German health authorities recently detected banned chemicals in Chilean farmed salmon, Ecoceanos News reported last week.
Germany’s Federal Office for Consumer Protection and Food Safety, or BVL, recently tested 42 samples of Chilean-raised farmed salmon. In two of those samples, BVL officials found traces of crystal violet, an anti-fungal chemical believed to have potentially carcinogenic properties. Crystal violet is not allowed in food exported to the European Union. BVL investigators also found traces of abamectina, an anti-parasite drug that is also banned in Germany.
News of the substance violation comes at a particularly difficult time for the Chilean farmed salmon industry, which is in the midst of a major slowdown due in large part to an ongoing outbreak of Infectious Salmon Anemia (ISA). A highly contagious virus, ISA can be lethal to salmon but does not affect humans or other fish.
The disease was first detected in Chilean waters in mid 2007. Since then it has spread throughout the crowded waters of Region X as well as into Region XI, affecting more than 100 fish farms. Chile’s ISA woes have led to major job cuts. SalmonChile, the industry’s private producers association, acknowledges that some 2,000 workers have been laid off. Union leaders insist twice that many jobs have been lost.
This is not the first time Chilean salmon has failed foreign inspections.
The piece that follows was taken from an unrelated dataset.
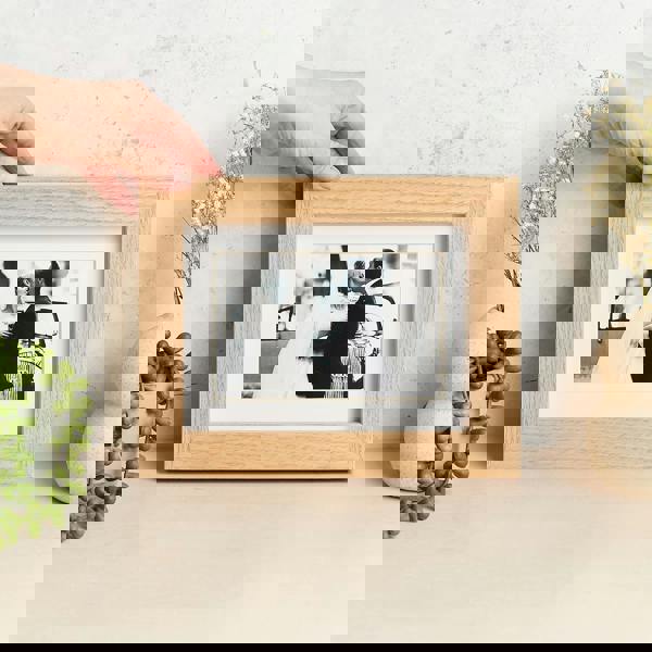 A contemporary solid oak personalised mounted photo frame for 6x4" print. This beautiful and substantial high quality wooden picture frame comes in a lovely clean light natural finish. Can either be displayed free-standing or wall-mounted.

Last year, Chilean salmon tested in Taiwan came up positive for malachite green, an anti-fungal drug that’s banned in many countries and was outlawed in Chile in 2005. Six months earlier Chilean salmon producers ran into trouble when health officials in Great Britain found a shipment of Chilean salmon to contain crystal violet. And on several occasions between 2003 and 2004, Dutch authorities complained about the presence in Chilean salmon of malachite green, which at the time was banned in Western Europe but was not yet prohibited in Chile.
The BVL findings have prompted calls by Chilean-based NGOs for more transparency over chemical use in the US$2.2 billion industry. “Once again salmon products coming from Chile are being scrutinized by consumers and by European commercial chains,” said Juan Carlos Cárdenas, who heads Ecoceanos. “This shows just how weak the system is for controlling the indiscriminate and/or illegal use of chemicals in food production.”
Ecoceanos and other groups claim that Chilean fish farmers use as much as 300 times more antibiotics than their Norwegian counterparts. Together, Chile and Norway produce approximately 80 percent of the world’s farmed salmon.